Identifying the Limiting Reactant

Given that you have 0.60 moles of HNO3, we need an equal amount of NaOH for complete neutralization. If we assume we have enough NaOH, the reaction will proceed as follows:

• 0.60 moles of HNO3 will require 0.60 moles of NaOH.
• Since you mentioned 0.30 moles of NaNO3, it seems we might be looking at a scenario where only half of the available HNO3 is neutralized.

Calculating Enthalpy of Neutralization

The enthalpy of neutralization (\( \Delta H_{neut} \)) is typically defined as the heat change when one mole of acid reacts with one mole of base to form water and a salt. This value is generally negative, indicating that the reaction is exothermic.
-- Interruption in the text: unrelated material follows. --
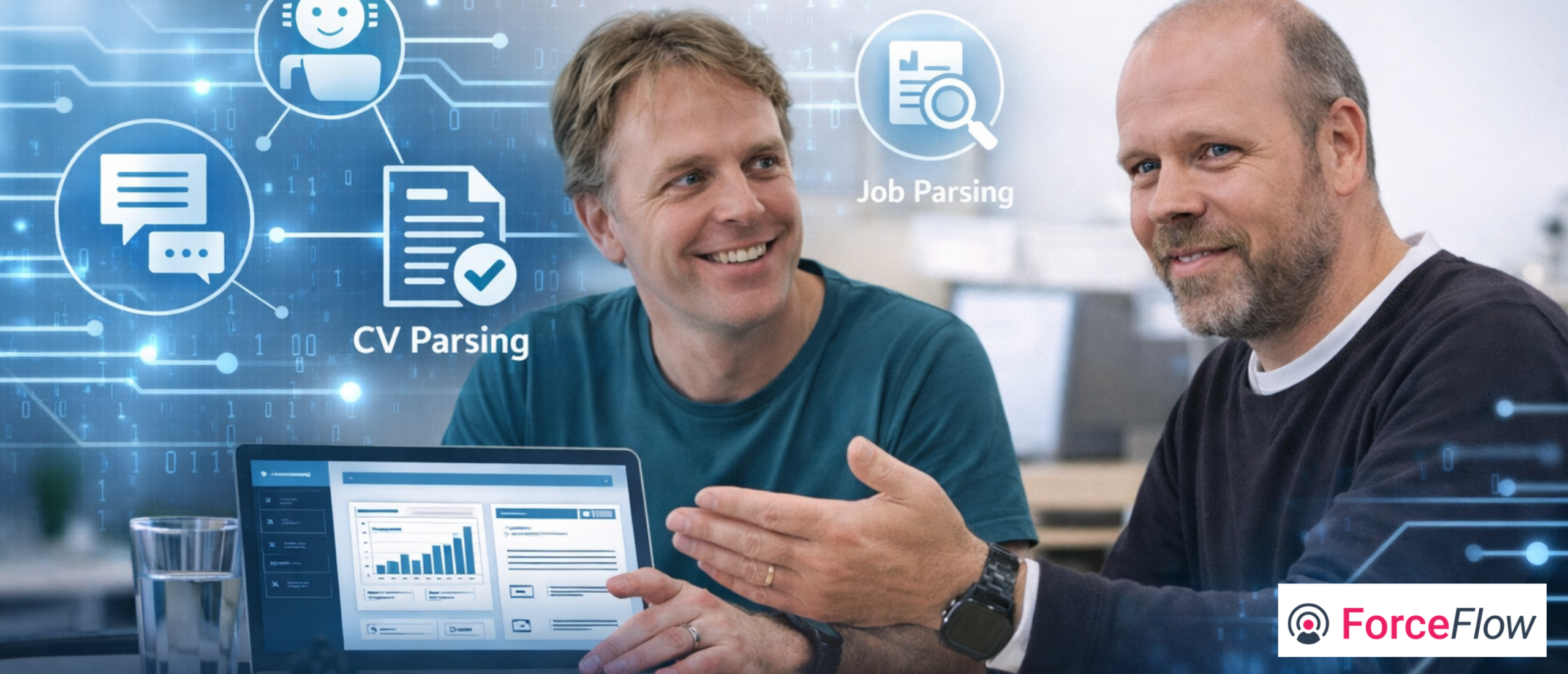 De eerste anderhalf jaar werkte het team met complexere recruitmentsoftware. Maar al snel bleek dat niet te passen bij de dynamiek waarin snelheid, overzicht en eenvoud cruciaal zijn. ForceFlow bood precies wat nodig was: een platform dat speciaal is gebouwd om veel klanten tegelijk te bedienen, zonder te verzanden in administratie.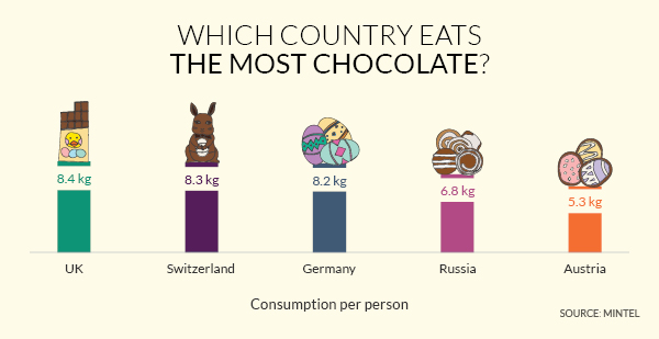 Researcher Mintel says countries leading the way in Easter chocolate innovation include Brazil, which accounted for 11 per cent of global Easter chocolate product launches in 2017, followed by the UK, South Africa, Germany (each with a 10% share) and France (9%).

To find the enthalpy change, we can use the formula:

\( \Delta H_{neut} = \frac{q}{n} \)

Where:

• q = heat absorbed or released (in joules or kilojoules)
• n = number of moles of water produced (which is equal to the moles of acid or base that reacted)

Example Calculation

Assuming we have a standard enthalpy of neutralization for strong acids and bases, which is approximately -57.1 kJ/mol, we can calculate the enthalpy change for the reaction:

Since 0.30 moles of HNO3 would react with 0.30 moles of NaOH to produce 0.30 moles of water, we can calculate the enthalpy change for this amount:

\( \Delta H_{neut} = -57.1 \, \text{kJ/mol} \times 0.30 \, \text{mol} = -17.13 \, \text{kJ} \)

Final Thoughts

The enthalpy of neutralization for the reaction involving 0.30 moles of HNO3 and NaOH would be approximately -17.13 kJ. This indicates that the reaction releases energy, consistent with the exothermic nature of neutralization reactions. If you have any further questions or need clarification on any part of this process, feel free to ask!